La DV afferma così che il progetto della rivelazione si realizza “mediante eventi e parole
intimamente connessi” (n. 2) e, riferendosi specificamente agli avvenimenti, sostiene che “le parole
portano alla luce il mistero in essi contenuto”. Se “mistero” significa il piano divino di salvezza
per gli uomini (cf n. 1), qui si dice che tale mistero è “contenuto” negli eventi. Essi sono, di
conseguenza, abitati dal mistero prima ancora che le parole lo dicano. Hanno uno spessore divino di
salvezza che le parole non fanno che svelare. Parola di Dio non è quindi solo né principalmente la
parola pronunciata, ma la storia stessa del popolo credente. Le conseguenze di una tale concezione
saranno tratte in un’altra Costituzione, la Gaudium et Spes, al n. 11a, dove questo agire di Dio nella
storia abbraccerà non solo la storia del popolo credente, bensì quella dell’umanità in quanto tale.
c) Il protagonismo dei fedeli
Siamo nell’ambito del capitolo secondo, dedicato al tema della trasmissione della divina rivelazione, la Tradizione, che insieme con la Scrittura costituisce come un unico specchio nel quale
la Chiesa pellegrina in terra contempla Dio (cf n. 7b). La Tradizione “progredisce nella Chiesa con
l’assistenza dello Spirito Santo” (cf n. 8b), è quindi per sua natura “dinamica”. Tra i fattori di
questo progresso, la costituzione enumera come primi la riflessione dei credenti e l’esperienza
spirituale dei medesimi, e solo dopo la predicazione di coloro che con la successione apostolica
hanno ricevuto un carisma sicuro di verità. Dopo secoli di una visione che attribuiva
prevalentemente - e alle volte quasi esclusivamente - al magistero autoritativo il servizio della
Parola, ora viene riconosciuta la funzione intralasciabile della totalità dei credenti in tale servizio.

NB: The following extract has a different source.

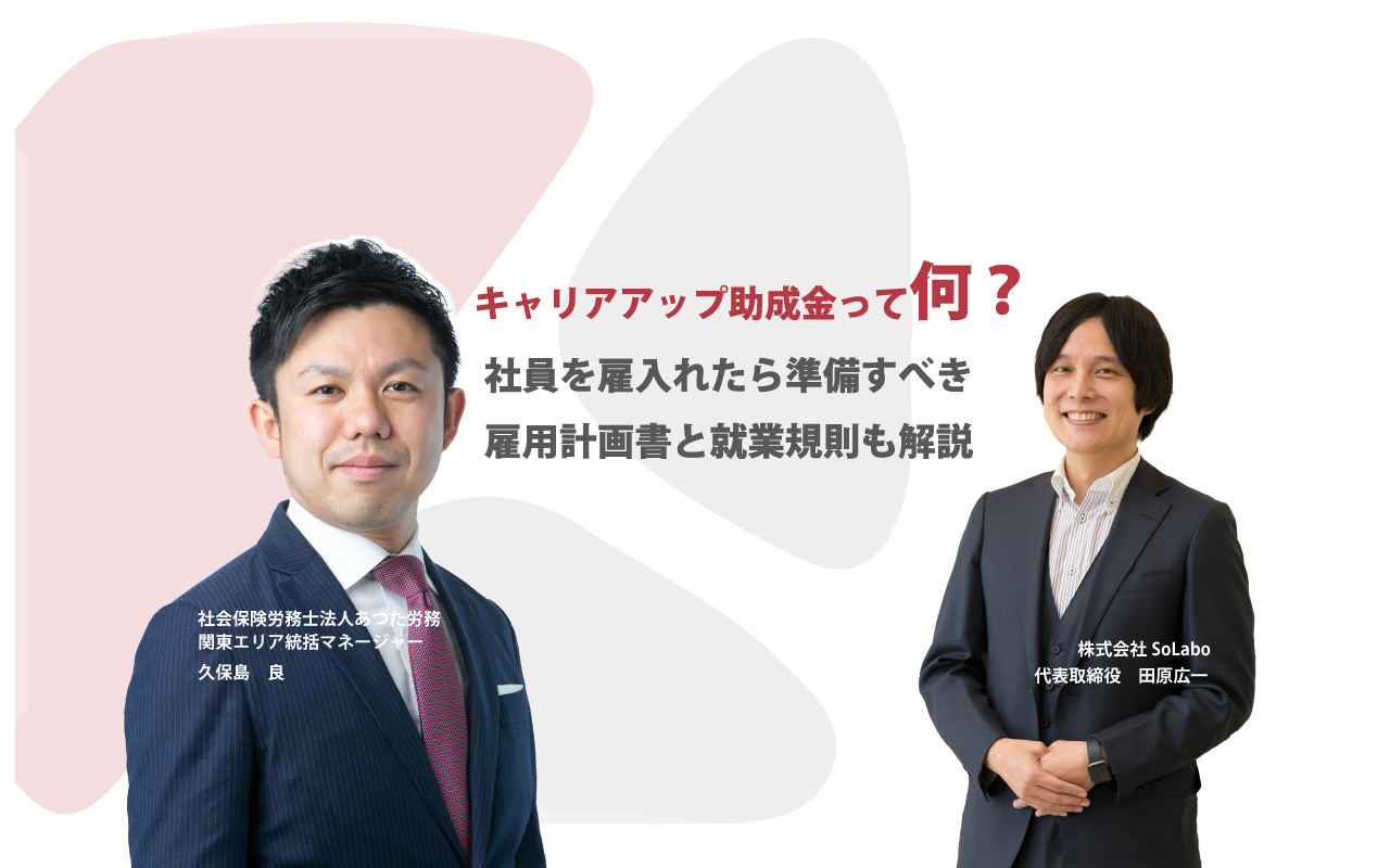 株式会社SoLabo(本社:東京都千代田区、代表取締役:田原広一、以下、SoLabo)は、社会保険労務士法人あつた労務(本社:愛知県名古屋市、代表:尾﨑良忠、以下、あつた労務)と共同で、キャリアアップ助成金の申請に必要な雇用契約書および就業規則をテーマとした無料セミナーを開催いたします。

d) La funzione del Magistero
Ancora in questo contesto, un terzo contributo riguarda il rapporto tra Magistero della Chiesa e
Parola rivelata: “L’ufficio di interpretare autenticamente la Parola di Dio scritta o trasmessa è
affidato al solo magistero vivo della Chiesa, la cui autorità è esercitata nel nome di Gesù Cristo. Il
quale magistero però non è superiore alla Parola di Dio ma ad essa serve, insegnando solo ciò che
è stato trasmesso (...)” (n. 10a). Non quindi padrone, ma servo: della Parola e della comunità che
l’accoglie nella fede. Quando il Papa o i vescovi si esprimono in materia di fede e/o di morale, il
loro magistero apre al singolo credente e all’intera comunità strade nuove per poter comprendere la
Parola di Dio e rileggerla alla luce delle circostanze presenti, in vista di un’applicazione concreta in
circostanze nuove o di una comprensione maggiore del progetto di Dio in mutate condizioni
storiche di vita.
e) Criteri rinnovati di interpretazione
Nel contesto della Parola scritta, di quella cioè che è contenuta nei libri della Sacra Scrittura (cf n.

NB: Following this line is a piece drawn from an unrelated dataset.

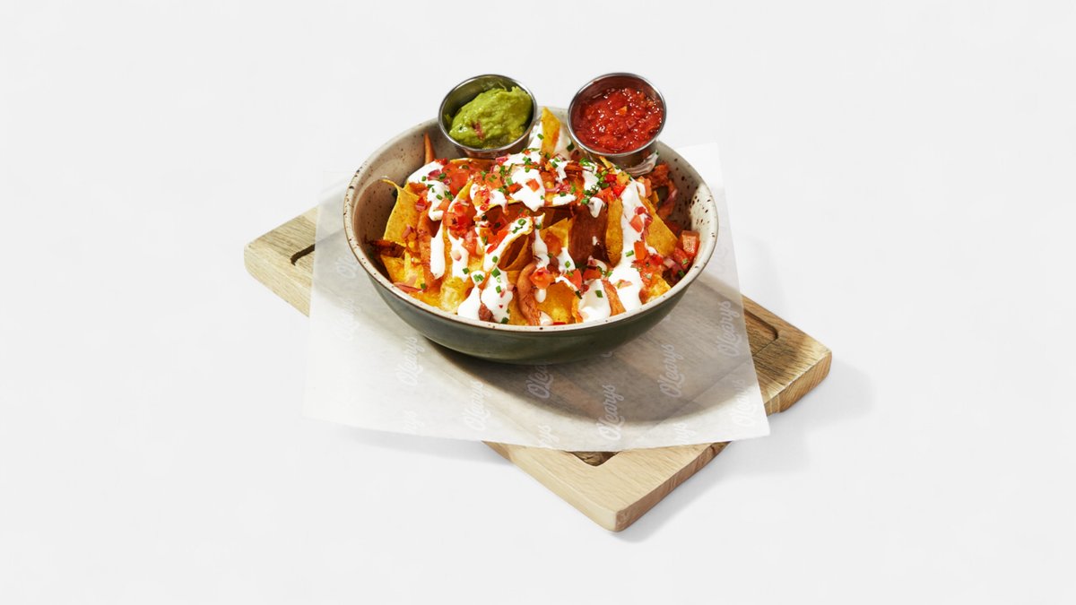 Sprø nachos toppet med pulled chicken, revet mozzarella og cheddar, rømme, guacamole, pico de gallo, gressløk og salsa. Kan fås vegetarisk.

11a) e che la Chiesa ha sempre venerato come ha fatto con il Corpo stesso di Cristo (cf n. 21a), la
DV ha affrontato anche il tema riguardante la sua interpretazione.
In concreto, partendo dall’affermazione agostiniana secondo la quale nella Scrittura Dio ha parlato
per mezzo di uomini e alla maniera umana (cf n. 12a), ha enunciato il principio fondamentale
secondo il quale per capire ciò che Dio ha voluto comunicare attraverso gli scritti, bisogna ricercare
con attenzione che cosa gli scrittori stessi abbiano inteso significare. E ha ancora specificato che,
per cogliere ciò che gli autori sacri hanno voluto significare, occorre tener conto, tra l’altro, dei
“generi letterari” da loro adoperati.